My recipes are grain free, refined sugar free and many like this recipe is dairy free. I have autoimmune illnesses that I am trying desperately to heal and get back on the road to good health. Prior to switching my diet I was exhausted all the time. I don’t mean tired I mean exhausted. There were occasions where I was not comfortable driving because I was so exhausted. I doubt many of my friends were aware of this or even that I could not even walk around the block.
I have mentioned in several recipes that I make homemade sweetened condensed milk and have used it in several of my recipes on my blog. I think it’s about time to make sure this recipe get some space. I have used it in my Coconut Pecan Frosting, Marzicroon Cookies, Cinnamon Apple Cheesecake, my crustless Double Cream Pumpkin Cheesecake.

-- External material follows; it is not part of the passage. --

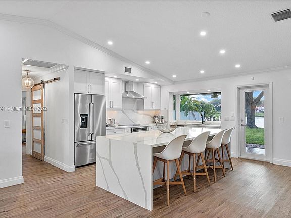 Step into this beautifully updated 4 bedroom 3.5 bath home with gorgeous water views. Remodeled over the last 2 years this home features a stunning open concept kitchen with white cabinets, stainless steel appliances, granite countertops and a large island. New flooring throughout including the huge primary suite with a new bathroom and walk-in closet. Newer impact windows and doors (2021), new AC, and new water heater! There is a beautiful screened in porch overlooking the large yard and lake. This home is a dream come true!

I can’t have any of the of the sweetened condensed milk or coconut milk on the market as they have refined sugar. So I took to the internet to find out how to make your own. I made Detoxinista’s recipe for sweetened condensed coconut milk. My recipe is below. I did end up cooking mine 4-5 hours and used maple syrup (because I am not allowed honey on my diet) on a low temperature. I make my sweetened coconut milk the day before and then refrigerate in a canning jar. I found that it tends to get thicker once cooled. Make sure you let it cool before you place it in a glass jar.
Homemade Sweetened Coconut Milk
1 (14 oz) can Full Fat Thai Coconut Milk
1/4 cup maple syrup
Bring coconut milk to a simmer. Cook on low for 4 – 5 hours until thickened. Set a timer for every hour and stir every hour. After 4 or 5 hours remove from heat and allow to cool. Do not boil because I found when boiled that the milk released a lot of oil. Once cool place in a sterilized glass jar with a lid and store in the fridge. Will store for up to 2 weeks.